Condivido con voi l'articolo che ho scritto quattro anni fa per il blog della mia amica Susanna Barbaglia IO LEGGO CON JOY, vi racconto come Aldo è arrivato a casa nostra, dato che siete in molti nuovi qui nella famiglia Bullfit e spesso mi chiedete come mai abbia quelle cicatrici sul corpo. Io non le vedo più, vedo solo un meraviglioso bulldog con inserti in velluto di seta francese, il più pregiato al mondo.
"Nuova notifica: sei stata taggata su Facebook. Apro e resto di sasso: un Bulldog inglese carbonizzato sul ciglio di una strada, un rigagnolo di sangue dal naso. Sembra morto. Leggo il post, è grave ma grazie al cielo è ancora vivo.
Scorro subito gli oltre cento commenti, sono angosciata, ma vedo che le ragazze di EBRI sono state taggate. Non ho il minimo dubbio che quel bulldog inglese avrà le migliori cure possibili perché gli angeli dei bulli si erano già messi in contatto con l’Asl veterinaria a cui era stato trasferito in ambulanza.

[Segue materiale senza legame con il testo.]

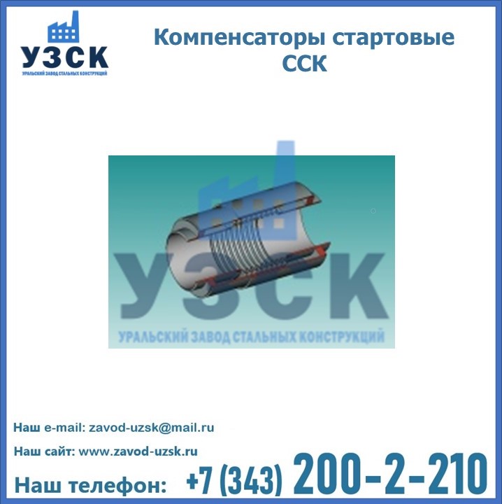 Стартовые компенсаторы, при прокладке прямолинейной системы труб, устанавливается через интервалы, установленные в проекте. В готовую траншею по всей протяженности системы, кроме участков, оборудованных ССК, засыпается грунт. В процессе первоначального нагревочного пуска трубной системы происходит удлинение труб, в результате этого сильфоны стартовых компенсаторов сжимаются. Внешняя стальная оболочка компенсаторов, после нагревания, приваривается. Трубы таким образом фиксируются в грунте, а последующие температурные перепады трансформируются в допустимые стабильные напряжения. Уральский Завод Стальных Конструкций предлагает готовые изделия, а также оборудование под заказ. Наш завод располагает всеми необходимыми возможностями для производства нестандартных компенсаторов ССК. Завод «УЗСК» предлагает большой выбор качественных и надежных сильфонных стартовых компенсаторов, полностью укомплектованных и готовых к эксплуатации. Мы гарантируем соответствие нашей продукции всем требованиям ГОСТ и ТУ, износостойкость и высокую производительность. Наше предприятие поставляет и производит оборудование, имеющее длительную гарантию и большой эксплуатационный ресурс. Если вы хотите заказать сильфонные компенсационные устройства ССК или другое оборудование с доставкой, наши специалисты помогут рассчитать стоимость транспортных расходов и организуют перевозку товара. Вы можете оформить заказ на продукцию на нашем сайте в Альметьевске, для этого достаточно заполнить форму обратной связи.

Continuo a cercare sulla pagina Facebook gli aggiornamenti. Compaiono le prime foto. Io sono sconvolta: le ferite sono enormi, nere, la carne sembra putrefatta una volta che è stata rimossa la pelle necrotica. Il povero bulldog non riesce nemmeno ad alzarsi e a tenere gli occhi aperti. Ma ha tanta fame. È sicuramente un buon segno.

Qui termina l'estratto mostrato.